To get Head file, run ls volume-head-*.img in replica directory. There will be only one head file in directory.

[root@server2 pvc-f1830fec-b3b6-40e1-825f-b17930bfdad6-31f5410a]# ls volume-head-*.img
volume-head-006.img

To get Parent snapshot, run ls -1rth volume-snap*.img | tail -1 in replica directory.

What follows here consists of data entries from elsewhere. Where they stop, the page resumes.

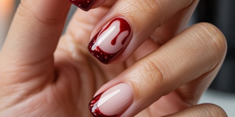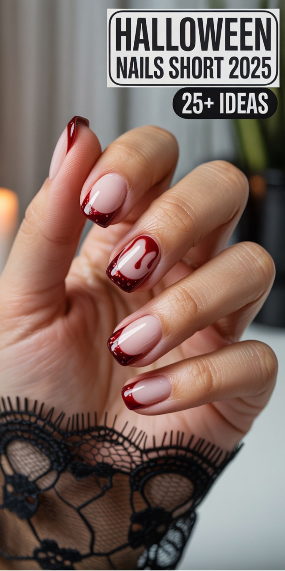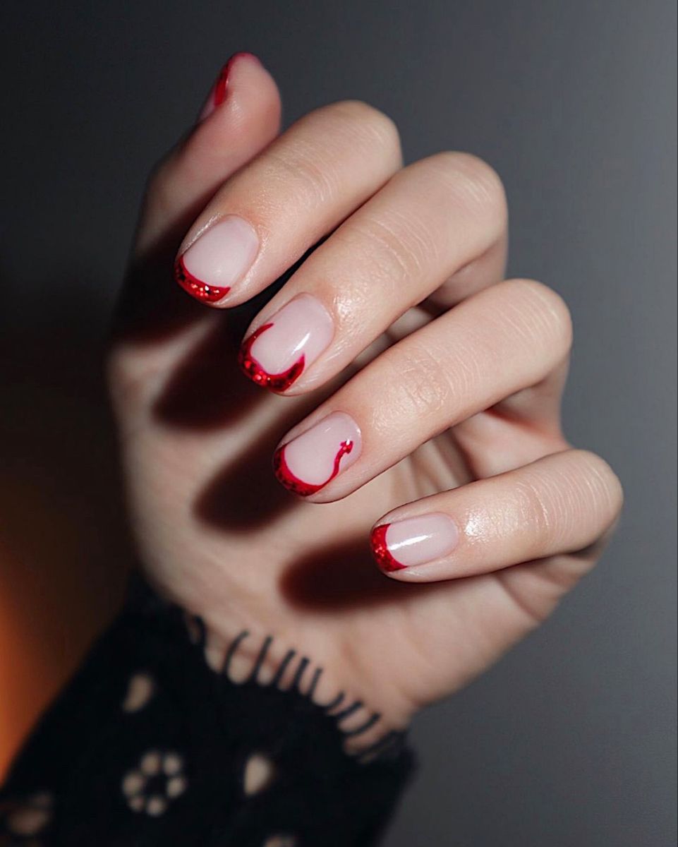 This look redefines red and black horror with a simple French tip twist. Short square nails with nude bases are tipped in glittering red, with dripping edges for a bloody spooky effect. It’s theatrical but classy, easy to wear day-to-day if you’re bold enough.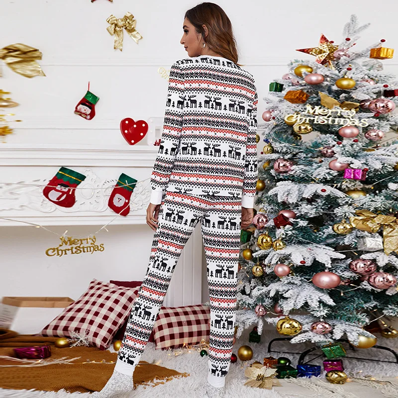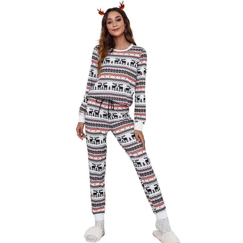 Christmas Home Reindeer Night Clothes Sleepwear Women Casual Loungewear Pajamas Sets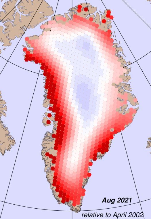 Согласно новым спутниковым данным, собранным компанией Polar Portal, объединяющей четыре датских государственных исследовательских института, за последние 20 лет Гренландия потеряла более 5 100 миллиардов тонн (4 700 миллиардов метрических тонн) льда, что примерно достаточно для затопления всей территории США водой на глубину 0,5 метра.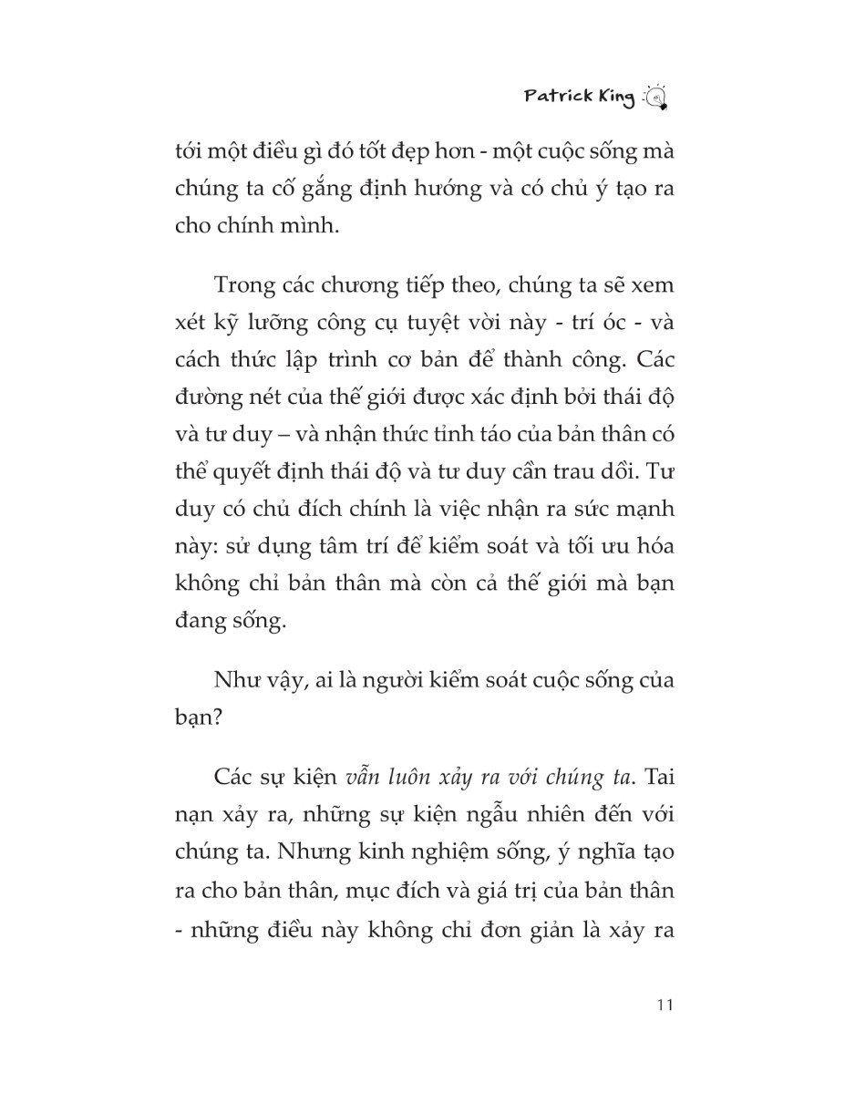 THAY ĐỔI MỘT SUY NGHĨ THAY ĐỔI MỘT CUỘC ĐỜI Trong cuốn sách này, tác giả đã tổng kết ra những trường hợp điển hình, thông qua đào sâu phân tích và thảo luận để dẫn mọi người cùng tìm kiếm và “nhìn thấy" mô thức sống hiện nay của họ. Những đau khổ của cuộc đời có muôn hình vạn trạng, nhưng mô thức nội tại thì gần như đều giống nhau, ví dụ mô thức bi quan, mô thức đấu tranh nội tâm, mô thức đau khổ, mô thức giả vờ bận rộn, mô thức tự cao tự đại, mô thức chỉ trích, mô thức làm nạn nhân, mô thức thao túng, mô thức sợ hãi, mô thức la â Trong những trường hợp sinh động này, bạn có thể nhìn thấy bóng dáng của mình, đồng thời phát hiện ra mô thức sống mà mình đang vận hành. Chỉ khi nhìn thấy mô thức sống của chính mình, con người mới tự nhiên thay đổi. Tác giả gọi quá trình thay đổi này là “nâng cấp sinh mệnh". Bản thân tác giả cũng đã từng trải nghiệm việc đi trên con đường ấy, vì vậy, có lẽ tác giả biết còn rất nhiều tâm hồn khác nhau đang trải qua những đau khổ vô minh giống như ông và cần được đánh thức! Thông qua cuốn sách này, có thể giúp cuộc đời của bạn đọc trở nên tốt đẹp hơn. Cuộc đời của mỗi chúng ta đều có thể vô cùng đẹp đẽ, và cũng có thể tầm thường vô vị, mấu chốt là ở chỗ chúng ta có thể nhìn thấy và cảm nhận mô thức sống của mình đồng thời không ngừng nỗ lực để theo đuổi một cuộc đời tốt đẹp hơn hay không. Vì vậy, khi bạn đang than thở cuộc đời không như ý, oán trách bất công, hãy tự hỏi bản thân rằng: Mình đã tạo ra tất cả mọi thứ ngày hôm nay như thế nào? Loại mô thức nội tại nào của mình khiến thế giới đối xử với mình như vậy. Hãy mở cuốn sách này ra, có lẽ trong đây có câu trả lời mà bạn cần!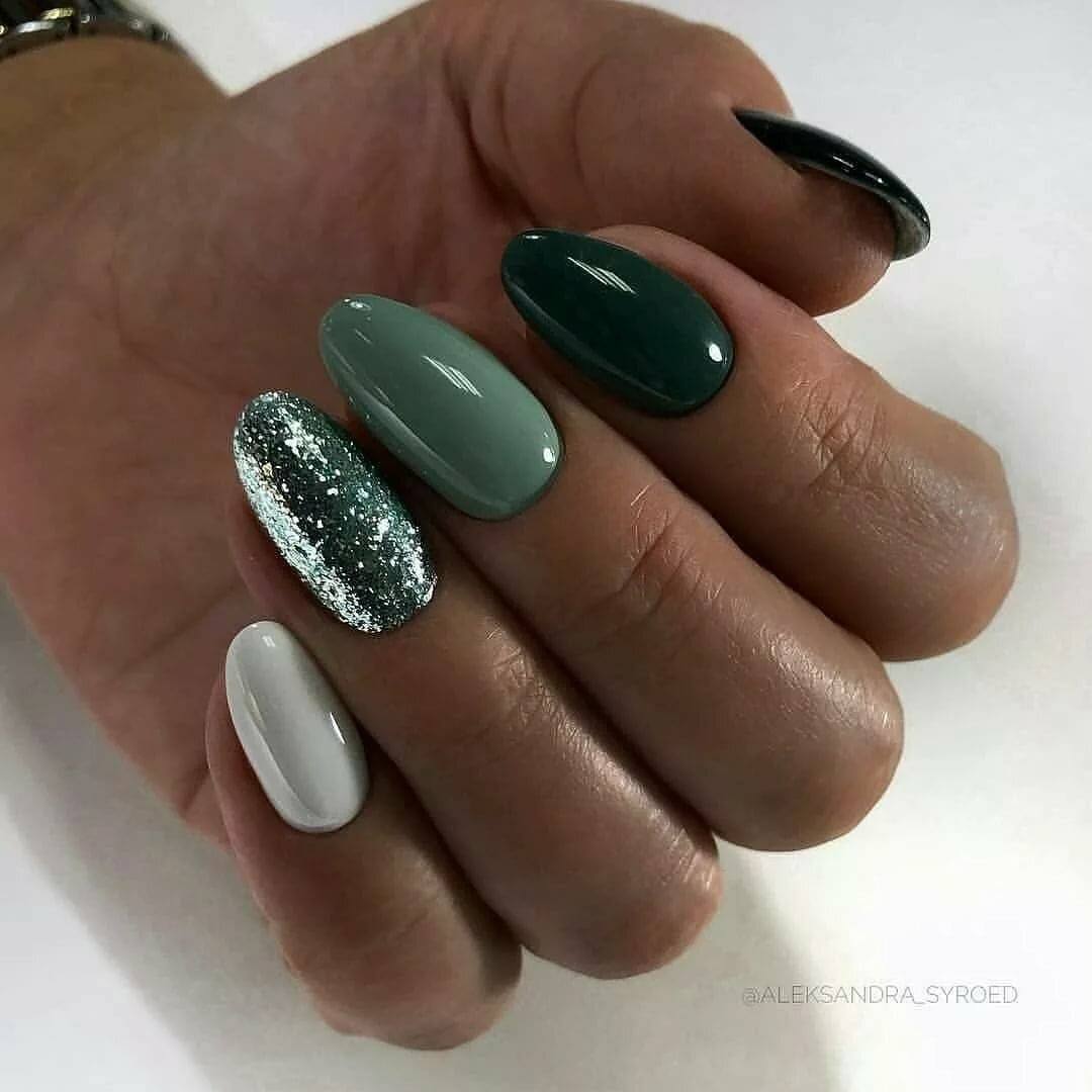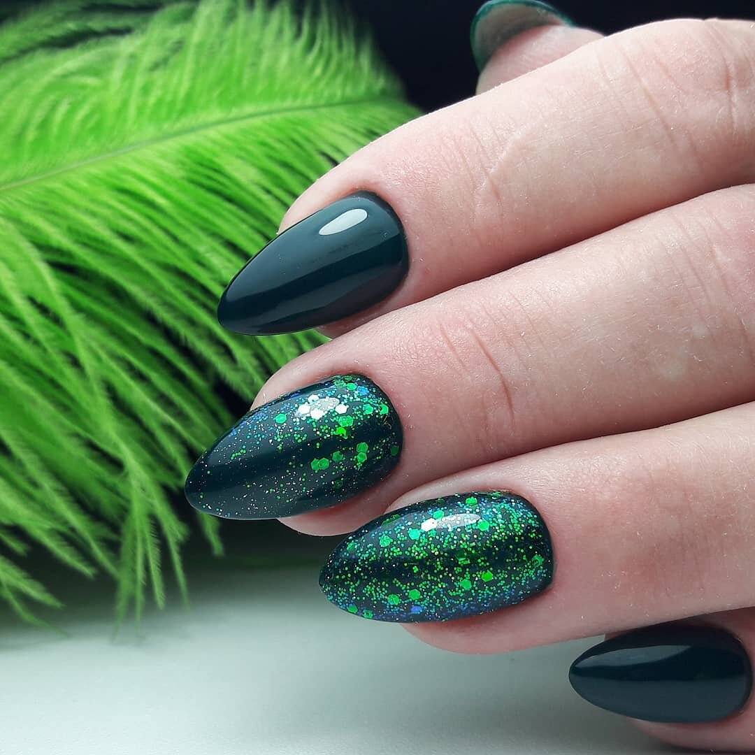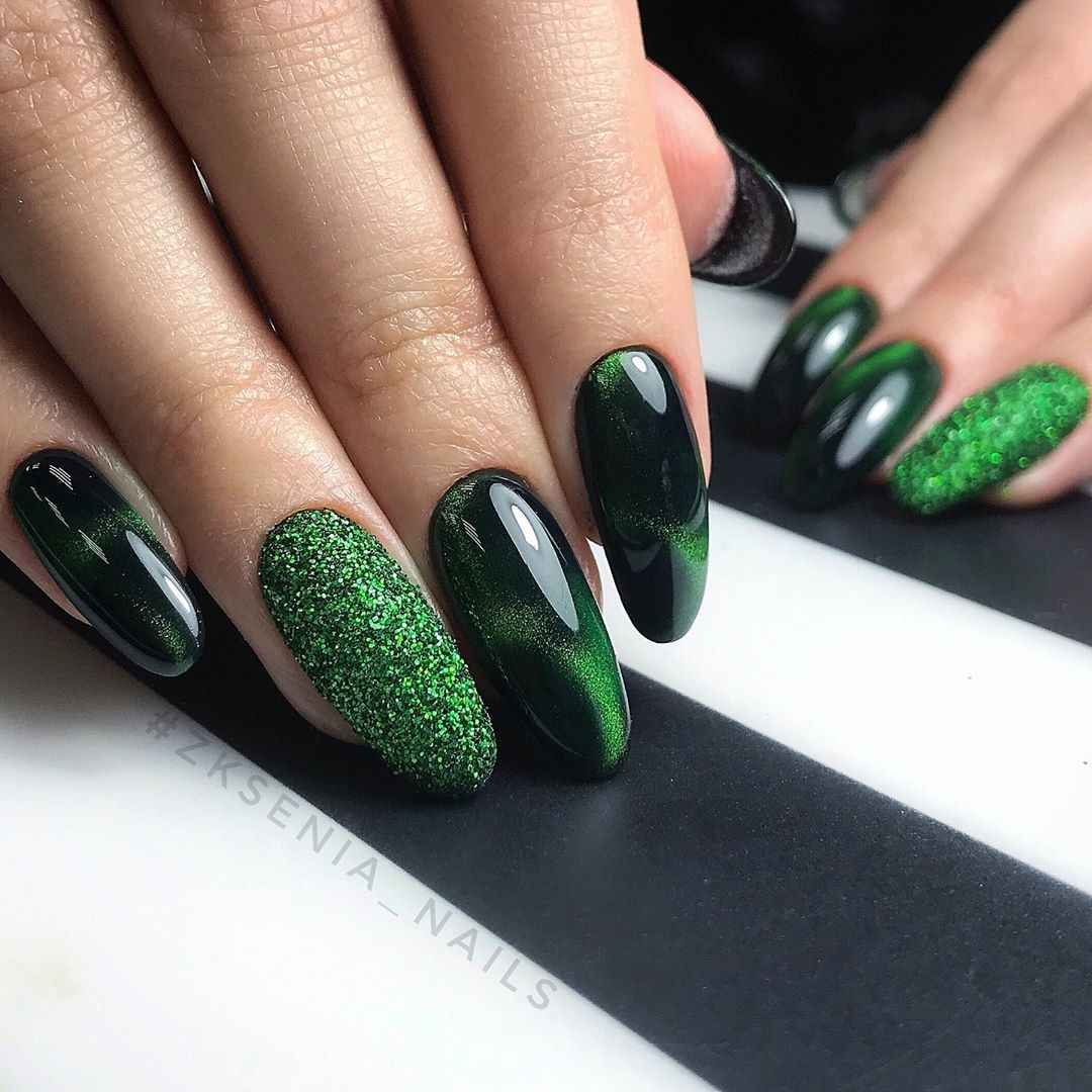 Глиттерные блестки в этом примере очень красиво украсят несколько ногтей, и их можно использовать непосредственно для создания растяжек. Маникюр «кошачий глаз» с дополнительными блестящими акцентами — идеальное дополнение к любому вечернему образу. Дизайн ногтей с кусочками «негативного пространства» будет выглядеть так же привлекательно, как зеленый лак. Это могут быть цветные узоры, штрихи или «островки» необычной формы на бесцветной основе с мазками блестящего жидкого глиттера, или прозрачные фигуры на зеленом фоне. При этом особенно эффектно и оригинально смотрятся «голые» участки на матовых поверхностях. Аккуратно украсьте контур блестками и наслаждайтесь результатом.

[root@server2 pvc-f1830fec-b3b6-40e1-825f-b17930bfdad6-31f5410a]# ls -1rth volume-snap*.img | tail -1
volume-snap-uipath-s-d7594081-20a7-4e85-8975-b4d07e7203df.img

For SectoreSize, it will be default to 512. To verify, check other volume.meta file under /datadisk/replica directory.

Using above information, volume.meta file for our example volume will be,

{
  "Size": 2147483648,
  "Head": "volume-head-006.img",
  "Dirty": false,
  "Rebuilding": false,
  "Error": "",
  "Parent": "volume-snap-uipath-s-d7594081-20a7-4e85-8975-b4d07e7203df.img",
  "SectorSize": 512,
  "BackingFilePath": ""
}

Above output is pretty-json formatted. You can convert it to compact format using jq -c . command. You can write a temporary file in pretty-json format and run cat <TEMP_VOLUME_META> | jq -c . > volume.meta to convert it to compact format.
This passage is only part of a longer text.